▶ **Raw data**
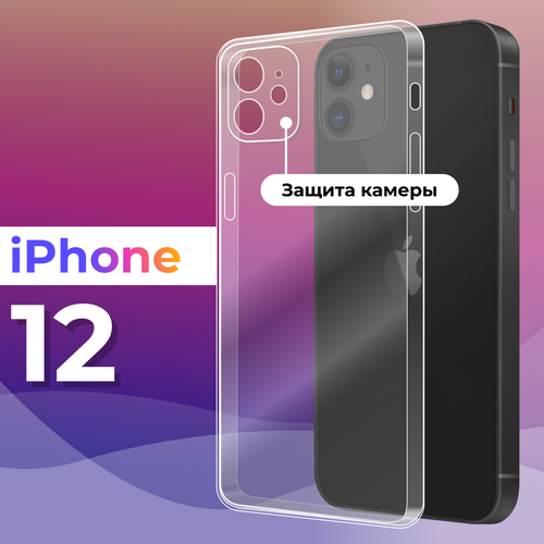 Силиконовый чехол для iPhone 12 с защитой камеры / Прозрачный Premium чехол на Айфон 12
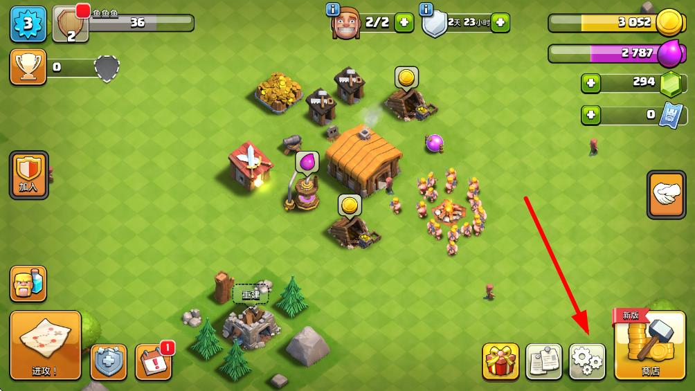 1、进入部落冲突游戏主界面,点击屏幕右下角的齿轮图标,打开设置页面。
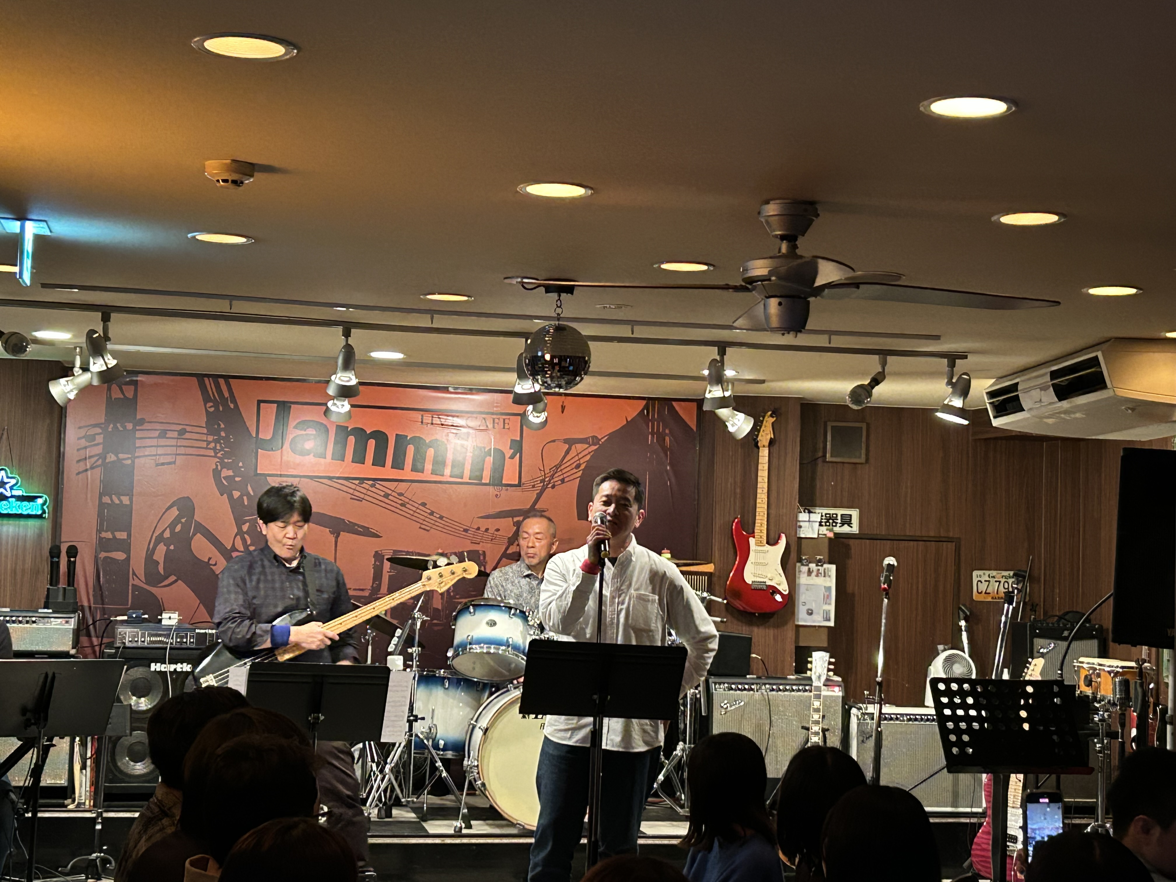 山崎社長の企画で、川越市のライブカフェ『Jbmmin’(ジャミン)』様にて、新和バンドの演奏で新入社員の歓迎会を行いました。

▶ **Work to be completed**
Apart from the pictures, repeat the data above exactly.

▶ **Solved exercise**
 Силиконовый чехол для iPhone 12 с защитой камеры / Прозрачный Premium чехол на Айфон 12
 1、进入部落冲突游戏主界面,点击屏幕右下角的齿轮图标,打开设置页面。
 山崎社長の企画で、川越市のライブカフェ『Jbmmin’(ジャミン)』様にて、新和バンドの演奏で新入社員の歓迎会を行いました。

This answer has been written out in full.